Le bras de fer prend un tournant offensif. Alors qu’Alstom souhaitait il y a quelques jours « renégocier » le méga-contrat de 2,56 milliards d’euros pour la fabrication de 146 rames de RER pour la ligne B, l’entreprise a finalement choisi d’aller à l’affrontement avec la RATP et la SNCF. Et ce, en retirant l’offre de Bombardier Transport, qui avait remporté le marché mais était devenu entre-temps propriété d’Alstom. Ce dernier expliquant que le contrat n’est pas viable.
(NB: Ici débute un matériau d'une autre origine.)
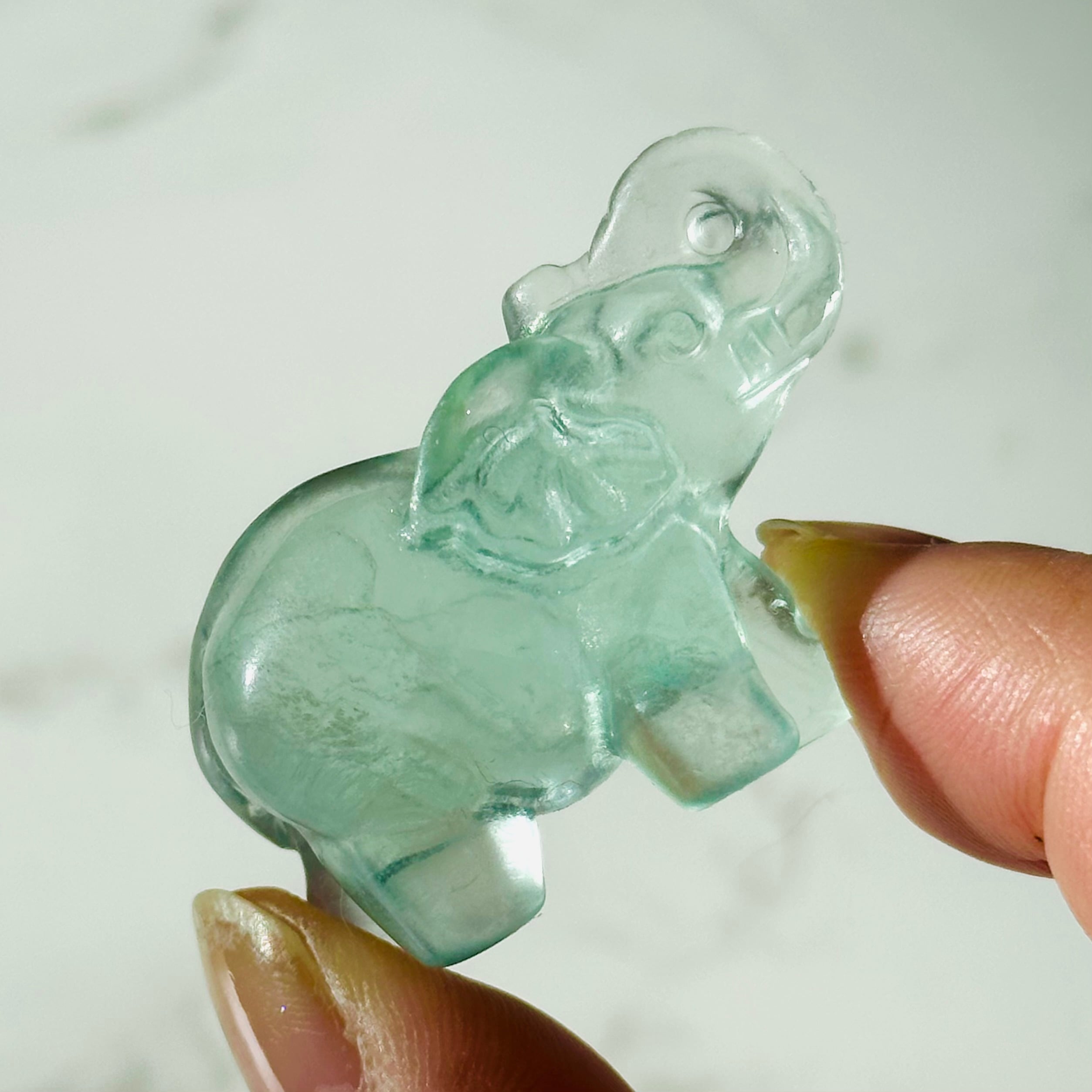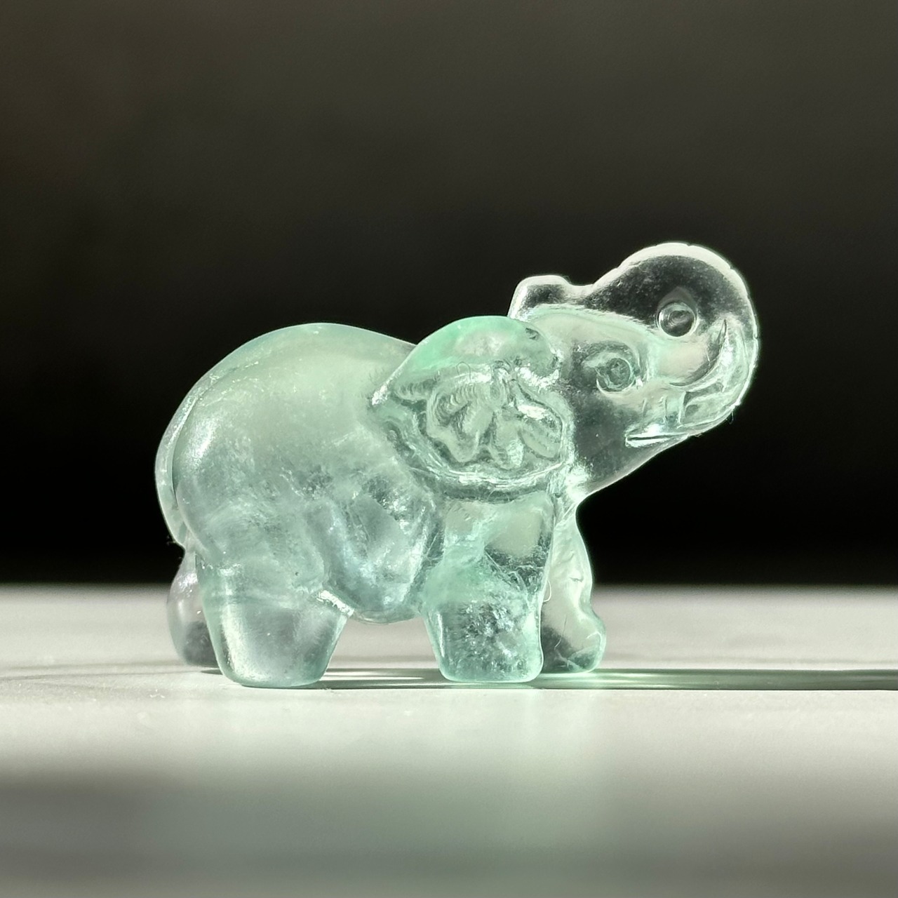 透明感たっぷりのフローライトが綺麗な象さんです。

Les entreprises ferroviaires ont condamné cette décision, se disant prêtes « à engager toutes les actions judiciaires » pour obliger le groupe français à exécuter le contrat, alors qu’une bataille judiciaire de longue haleine se prépare.

Multiplication des recours

Depuis plusieurs semaines, Alstom avait multiplié les recours, parvenant à retarder la signature du contrat jusqu’à sa prise de contrôle de Bombardier Transport, effective depuis le 29 janvier. « Les conditions technico-financières de l’offre du consortium Bombardier-CAF ne correspondent pas aux prix de marché et ne permettent pas d’exécuter ce contrat sans risques importants pour le financeur, l’exploitant, les voyageurs et pour notre entreprise », a expliqué le constructeur ferroviaire.

Alstom, dont les propositions de médiation ont été rejetées, dit par conséquent « n'[avoir] eu d’autre choix » que d’annoncer le retrait de l’offre de Bombardier Transport. S’il a « toujours honoré ses contrats », il indique n’avoir « jamais signé ni démarré » un «contrat qu'[il] sait, dès la signature, déséquilibré (techniquement, industriellement ou financièrement)».

« Trop belle pour être vraie »

Le PDG d'Alstom Henri Poupart-Lafarge avait évoqué mercredi la perspective de perdre « beaucoup d’argent » sur ce contrat, jugé mal ficelé. « Cette offre est trop belle pour être vraie », a-t-il expliqué jeudi soir dans un entretien au Figaro. « Elle montre une agressivité sur les coûts qui n’est pas raisonnable. Les choix techniques ne comportent aucune marge d’erreur, ceux des équipements sont réalisés au plus juste et le gabarit des trains n’est pas aux normes ». Le calendrier est en outre trop serré et les coûts sous-estimés, a-t-il accusé.

« Si nous acceptions ces conditions, il est certain que la RATP, qui est un client très exigeant, nous demanderait de tout refaire et nous pénaliserait en cas de retard », a-t-il ajouté. « Il reste l’offre d’Alstom qui est toujours sur la table », a relevé le dirigeant. « Si la RATP ne veut pas discuter et que le RER B prend du retard, ce sera de sa responsabilité et de celle de la région Ile-de-France, qui devront lancer un nouvel appel d’offres », a asséné Henri Poupart-Lafarge.

« Stratégie d’entrave »

La RATP, la SNCF et Ile-de-France Mobilités – qui finance les trains – considèrent que le constructeur est tenu d’honorer le contrat, signature ou pas, dès lors qu’il a fait une offre ferme et qu’il a été retenu. Sans négociation possible. « Le groupement RATP/SNCF Voyageurs se dit prêt à engager toutes les actions judiciaires à l’encontre d’Alstom-Bombardier, compte tenu de l’engagement pris par le groupement Bombardier/CAF lors de la remise de l’offre ferme », le 4 janvier, ont indiqué les deux entreprises publiques dans un communiqué commun jeudi soir.

« Par son rachat de la société Bombardier Transport, Alstom a repris l’ensemble des contrats et engagements de l’entreprise », ont-elle ajouté. S’agissant de l’offre elle-même, RATP et SNCF se sont indignées des commentaires d’Alstom, notant qu’un cabinet externe « reconnu et indépendant » l’avait validée, outre leurs propres services.

La présidente d’Ile-de-France Mobilités et de la région Ile-de-France, Valérie Pécresse a encore dénoncé jeudi matin « la stratégie d’entrave absolument scandaleuse d’Alstom », lui demandant de « tenir sa parole ». Valérie Pécresse a convoqué la RATP et la SNCF vendredi afin de trouver des solutions « pour sortir de l’impasse », selon un porte-parole.